Liquidity-Based Bridges (Atomic Swaps)

Instead of locking and minting, these bridges match buyers and sellers across chains using liquidity pools. Examples: Stargate (LayerZero), Hop Protocol, Connext. Generally safer since there is no large honeypot of locked assets.

The Bridge Hack Problem

Bridge contracts hold enormous amounts of locked assets — making them the biggest honeypots in DeFi. The consequences of vulnerabilities are catastrophic:

  • Ronin Bridge (March 2022): $625M stolen. Axie Infinity’s bridge was secured by only 9 validators; attackers compromised 5 private keys.
  • Wormhole (February 2022): $320M stolen. A bug in the signature verification allowed an attacker to mint 120,000 wETH without depositing collateral.
  • Nomad Bridge (August 2022): $190M stolen in a chaotic free-for-all. A misconfiguration allowed any message to be accepted as valid, enabling hundreds of copycats to drain the bridge.
  • Multichain (July 2023): $130M+ drained, allegedly by an insider. The bridge then shut down entirely, leaving users with worthless wrapped tokens.

In total, over $2.5 billion was stolen from bridge exploits between 2021 and 2023 alone.

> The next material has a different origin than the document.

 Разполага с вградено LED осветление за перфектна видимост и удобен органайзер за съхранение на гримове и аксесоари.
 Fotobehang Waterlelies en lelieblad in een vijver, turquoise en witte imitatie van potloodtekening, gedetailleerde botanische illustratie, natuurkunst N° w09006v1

How to Use Bridges More Safely

  • Prefer canonical/native bridges for Ethereum L2s (Arbitrum, Optimism bridges) — they have no smart contract risk between chains
  • Use established protocols with years of operation and multiple audits. Newer bridges are higher risk.
  • Do not leave funds in bridge contracts. Bridge, then immediately use or store your assets elsewhere.
  • Verify the bridge address — phishing sites clone bridge UIs. Always use official links.
  • Avoid bridges holding hundreds of millions of dollars. The larger the locked value, the more incentive for attackers.
  • Check audit status on DefiLlama’s bridge page and the project’s documentation.

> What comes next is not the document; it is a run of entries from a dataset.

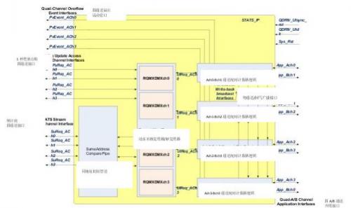 SACOMP模塊圖包含兩個管道階段,其中一個用于通過比較將同一時鐘周期上的所有四條通道進行壓縮(SACOMP_ChN-to-All),另一個用于對單一通道上的同一地址進行雙向(突發(fā)2)比較(SACOMP_B2BChN)。當兩條或更多條通道在指定的時間實例中為同一地址時,優(yōu)先性最高的通道積累地址相同的通道上出現(xiàn)的數(shù)據(jù),而所有其他優(yōu)先性較低、地址相同的通道都將失效。這確保了單一統(tǒng)計請求覆蓋所有地址相同的通道,從而預防出現(xiàn)任何數(shù)據(jù)一致性問題。比較和積累算法對所有可能的情況進行快速評估。此外,在單根通道上,如果有同一存儲位置的雙向統(tǒng)計更新請求,則最新請求失效,其數(shù)據(jù)通過之前發(fā)生的請求積累。這樣能夠確保任何同一地址位置的雙向存取不會在QDR-IV存儲設備定義的讀取延遲中發(fā)生。圖2所示的請求-復用– 解復用(RQMXDMXChn)區(qū)塊接收對應通道數(shù)的處理器更新請求和統(tǒng)計更新請求。由于處理器更新請求的間隔時間固定,因此RQMXDMXchN選擇對應下一個時鐘服務的處理器請求,并且通過“請求就緒”回壓信號停止統(tǒng)計請求。在開始處理每個一秒更新請求后,RQMXDMXchN停止配置時鐘數(shù)(默認為10)的處理器請求通道以確保不會提供連續(xù)的一秒更新請求服務。停止信號發(fā)送至NPU,確保在回壓信號失效前不會產(chǎn)生新的請求。該機制能夠在不堵塞這一設計的情況下處理統(tǒng)計和處理器請求。
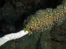 La principal amenaza para su supervivencia es la reducción de arrecifes coralinos en su hábitat, debido a una combinación de amenazas: el blanqueo de coral producido por el aumento de la temperatura del agua, como consecuencia del cambio climático global; los daños en su frágil esqueleto, producidos por los huracanes; y su cosecha para comercialización, tanto como remedio médico, como para el mercado de acuariofilia, el de joyería y el de curiosidades.
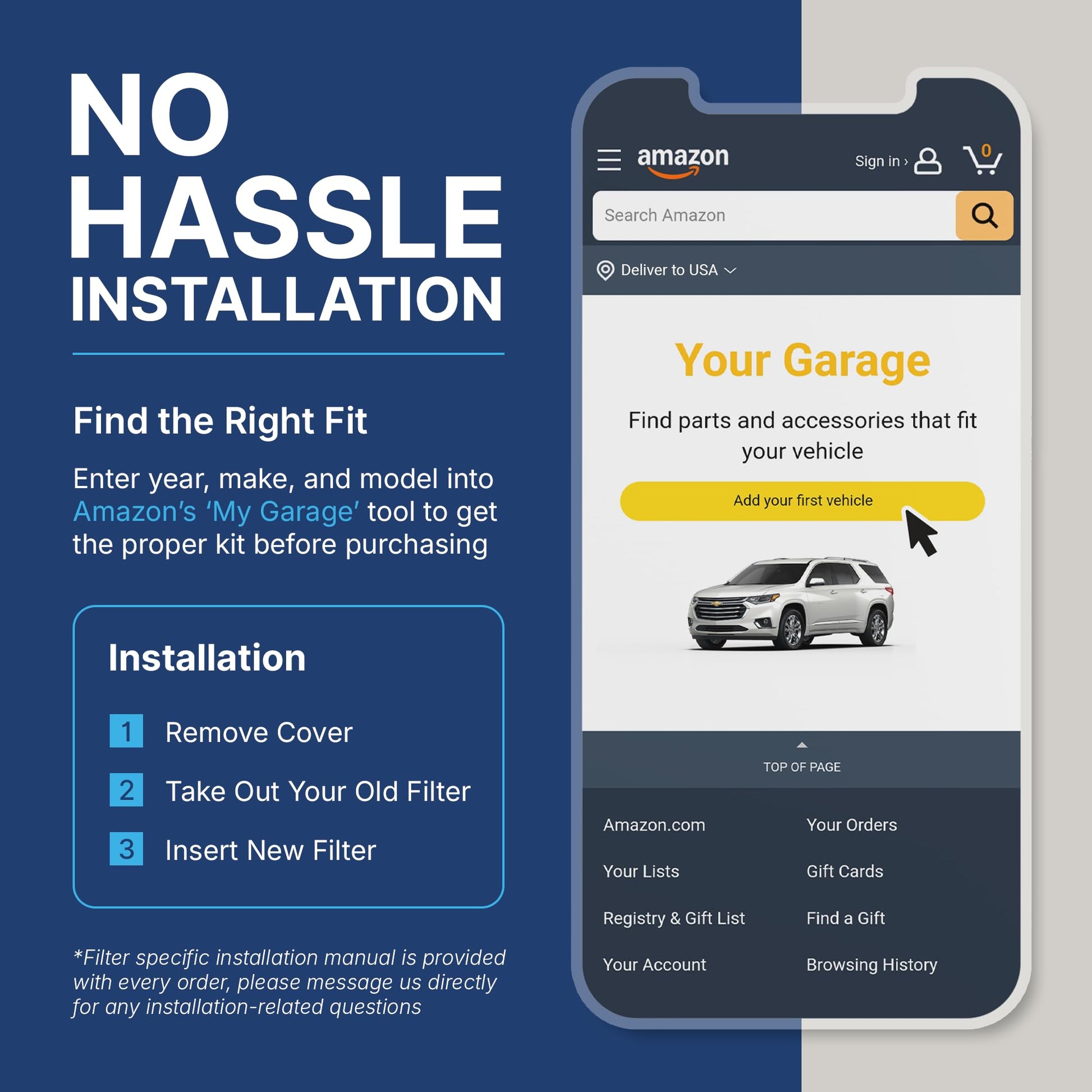 • Verify Fitment First, Do it Yourself: Make sure to enter your vehicle's year, make and model above using 'Filter results by your vehicle' tool to accurately verify vehicle fitment; the cabin filter is an easy replacement that can save you money at the repair shop; installation manual included w/every order

The Future: Zero-Knowledge Proof Bridges

Next-generation bridges are using zero-knowledge proofs to verify on-chain state from one chain on another, without trusting any intermediary validators. Projects like zkBridge, Succinct Labs, and Polymer are building this infrastructure. ZK bridges are slower and more computationally expensive today, but they represent the most secure design possible — mathematical proof replaces validator trust.

Conclusion

Bridges are essential infrastructure for a multi-chain world, but they are also its greatest attack surface. The history of bridge exploits is a masterclass in why “decentralised” systems are only as secure as their weakest link. When bridging assets, prioritise security over convenience, use the most battle-tested protocols available, and minimise the time your assets spend in bridge contracts.